Well… the slope of a line parallel IS 4/6 but that is an awkward way to write this answer. Sure would like to know a bit more about this student. Looking to the questions around it to find clues as to why this answer would be presented this way and that doesn’t help either.

Students don’t think that things can be just that easy, the same number as the slope they found. It’s almost like they don’t trust the numbers. This might be their way of ensuring they aren’t having a fast one pulled over them.

Michael Paul Goldenberg

What is “the 4/6 thingy”?

I think @Isquared has a point which could explain the “error,” such as it is. She fears repeating a number already in the problem. And if she is clear about slope, that’s fine. The answer isn’t wrong, as @mrdardy states.

Here’s another thought, though it’s a stretch: as the slope of the line is given as 2/3 with nothing more to go on, she might have put her finger on the point (2, 3) and then moved 2 units to the right and 3 units up (or the reverse order) and arrived at. . .(4, 6).

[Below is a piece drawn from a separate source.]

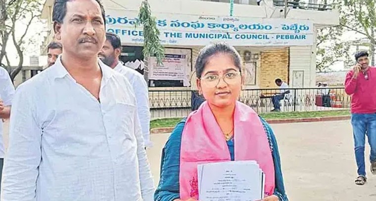TG: వనపర్తి జిల్లా పెబ్బేరు మండలంలో మరో వైద్య విద్యార్థిని ప్రజాసేవకు ముందుకొచ్చారు. ఇటీవల జరిగిన పంచాయతీ ఎన్నికల్లో ఏటిగడ్డ శాఖాపురం సర్పంచ్ స్థానానికి నిఖిత అనే MBBS విద్యార్థిని పోటీ చేసి గెలుపొందిన విషయం తెలిసిందే. తాజాగా పురపాలిక ఎన్నికల్లో పోటీకి మరో వైద్య విద్యార్థిని రంగంలోకి దిగారు. పెబ్బేరు మున్సిపాలిటీలో కౌన్సిలర్ పదవికి పవిత్ర అనే వైద్య విద్యార్థిని శుక్రవారం నామినేషన్ వేశారు. ఎస్సీ మహిళలకు రిజర్వ్ అయిన 4వ వార్డు నుంచి బీఆర్ఎస్ తరఫున నామినేషన్ పత్రాలు దాఖలు చేశారు.

That would be consistent with a common misunderstanding about slope, and if she exhibited that error in other places, but not in every instance, that would be something that happens rather often: kids forget that slope is a ration of change in y to change in x. Or thought the problem asked for another point the line would go through or that a line parallel to it would go through.

I think those are ‘reaches’ but not utterly ridiculous, and at least might account for the 4 & 6 here. But I am more inclined to think it is, after all, just caution about repeating numbers from the prompt. Maybe not a case of not trusting the numbers so much as not trusting her understanding or not trusting the teacher. If you’ve had a few teachers who throw “softball” questions that really are NOT softballs, it’s easy to become paranoid. ;^)

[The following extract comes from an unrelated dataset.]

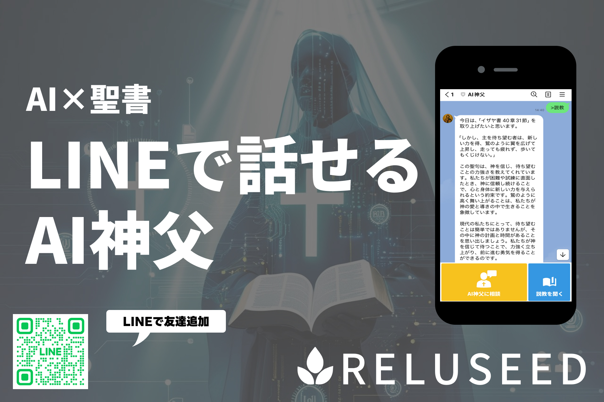 2025年7月22日から、株式会社レルシードが提供開始した、対話型信仰支援AI「AI神父」。「AI神父」は、キリスト教聖書の内容をAIに学習させ、メッセージアプリ「LINE」を通して聖書を交えた対話が可能となったシステムです。

I think there’s a bit of truth in what each person has said.
My first thought was that she knew it was the same slope, but that somehow because it was a different line it couldn’t be EXACTLY the same. Equivalent is the closest idea to same, but not entirely the same. So, in a sense she is looking to express a degree of “sameness” that is not equal-ness. The slopes are equivalent, but they are not equal. 4/6 meets the criteria of equivalent, but not “the same.”
It’s interesting to me because I see this as a positive sign of mathematical thinking, although maybe not the thinking about the slope of a line. The student is grappling with parallelism and equivalence and has found that they have something in common. This response captures her perception of a degree of “sameness,” even if she lacks the precision that you’re looking for.
2₵

I don’t think we have enough information to clearly make any judgment call on “Why did this student put 4/6?” Perhaps the students have been taught that the only way to produce the slope of a line parallel is simply scale the first. So, if my first slope is (2/3), then scale by 2 to get (4/6).